In order to investigate the impact of dust and biological particles on cloud properties during the storms on 16 to 19 February and 24 to 26 February, we examined data from the flights corresponding to these storms in more detail. Shown in Fig. 2 are the number of individual cloud residues measured by A-ATOFMS for the 16 February ascent (Fig. 2A) and 16 February descent (Fig. 2B) flight segments (flight tracks are available in the supplementary materials). The 25 February ascent and descent are shown in fig. S8. Flights on 16 and 25 February are separated into the ascent and descent because of changing dynamics (supplementary text). The early mornings on 16 and 25 February included prefrontal periods with an atmospheric river (narrow band of water vapor transported from subtropical oceanic regions) and terrain-parallel blocked flows (supplementary text), which introduced moist marine air masses into deep clouds over the Sierra Nevada (fig. S1). In the afternoon during the flights on 16 and 25 February, cold postfrontal conditions with lower-level convective clouds and mid-level orographic clouds were present. Liquid water content (LWC), the mass concentration of liquid in a cloud, was measured with a cloud droplet probe (CDP). IN concentrations (IN per liter of air) were measured with a continuous flow diffusion chamber (CFDC) (17). Cloud ice fraction was calculated by using liquid and total water content measured with the WCM-2000 (SEA, Mansfield Center, Connecticut). Details of the calculation are available in the supplementary materials.


Fig. 2.  Vertical profiles of the number of cloud residues (dust, dust mixed with biological material called “dust/biological,” dust mixed with salt and biological material called “dust/salt/biological,” biological, sea salt, and residues from pollution such as soot and biomass burning), liquid water drops or liquid water content (LWC, g/m3), cloud ice fraction, and cloud temperature (°C) for the flight on (A) 16 February ascent (17:01 to 18:29 UTC) and (B) 16 February descent (18:29 to 20:19 UTC). The ascent and descent for 25 February is shown in fig. S8. Also shown are cloud-particle residual IN concentrations (liter−1), with the color representing the temperature at which the CFDC measurement was taken. Error bars represent twice the Poisson sampling errors in IN concentrations calculated for 3- to 10-min time periods.

Question being asked 

What are the chemical signatures of the cloud residues as one travels vertically through a cloud?  How does the amount of ice in the cloud change with altitude?  How many IN can be formed from cloud residues at an altitude corresponding to warm (-20 degrees C) and cold  (-35 degrees C) conditions?


Panel A:

As the research aircraft ascends through the clouds, the cloud residue chemistry (bars), cloud ice/liquid concentration (blue and black dots), and IN concentration (Red and blue circles) are measured. It follows that low in the cloud, the fraction of sea salt residues is high(er) and IN levels are low(er).  As the altitude (left axis) increases, the number of IN at -20 degrees C increases slightly with the present of more dust and dust/biological residues.  This is concomitant with the highest fraction of cloud ice.

Panel B

As the research aircraft descends through the clouds, the cloud residue chemistry (bars) showed similar patterns.  The IN concentration was very high in the regions with the most dust and dust/biological residues as well as the highest fraction of cloud ice.  In the lower parts of the cloud, the IN concentration decreased again with the return of sea salt residues.

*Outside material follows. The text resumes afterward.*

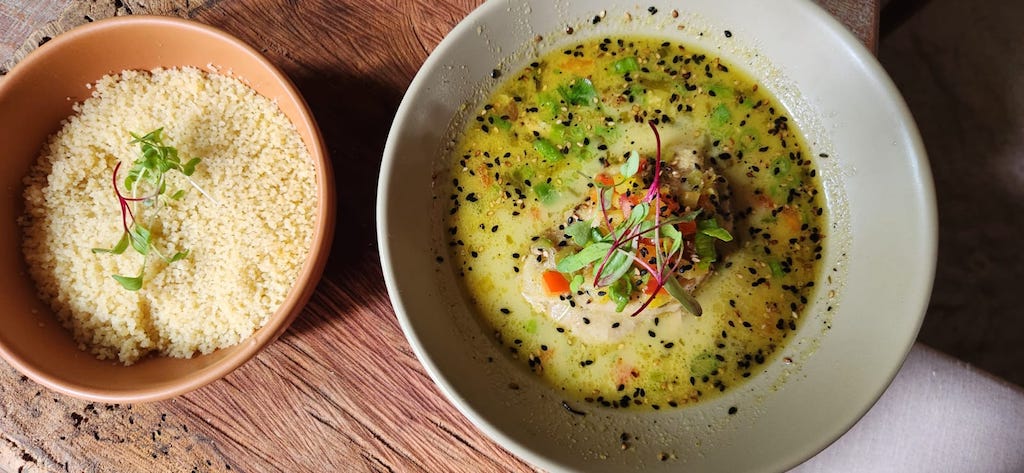 Novas experiências incluem o frango ao molho verde, que me surpreendeu muito, a sobrecoxa no molho leite de coco e ervas frescas, dando um tom elegante ao paladar, e, para não desperdiçar o molho, o cuscuz de sêmola para a gente misturar, sem perder a leveza. A cara da chef Denise Xavier…

-Tan bars give the fraction of cloud residues characterized as dust at a given altitude.

-Brown bars give the fraction of cloud residues characterized as Dust/Bio at a given altitude.

-Green bars give the fraction of cloud residues characterized as Biological at a given altitude.

-Cyan bars give the fraction of cloud residues characterized as sea salt at a given altitude.

-White bars give the fraction of cloud residues characterized as pollution at a given altitude.

- The Yellow line gives the temperature of the cloud at a specified altitude.

- The small blue dots give the Liquid Water Content (LWC) by altitude.

- The larger black dots give the fraction of the cloud that was ice by altitude.

- The large blue and red dots give the concentration of IN by altitude.  Red dots indicate the concentration of IN forming ice at -20 degrees C, and blue dots indicate the concentration of IN able to form ice at -32 degrees C.

Color scale

When a researcher is interested in showing that a piece of data is influenced by more than one independent variable, a color scale can be used to introduce a third dimension.  In this figure, the color scale is applied to the circles (depicting the IN concentration by altitude during the flight) to indicate the temperature at which that IN concentration was measured.


The IN concentration follows the trends in cloud ice content and the prevalence of dust and dust/biological cloud residues, suggesting that dust and dust/biological residue particles may play a role in ice formation.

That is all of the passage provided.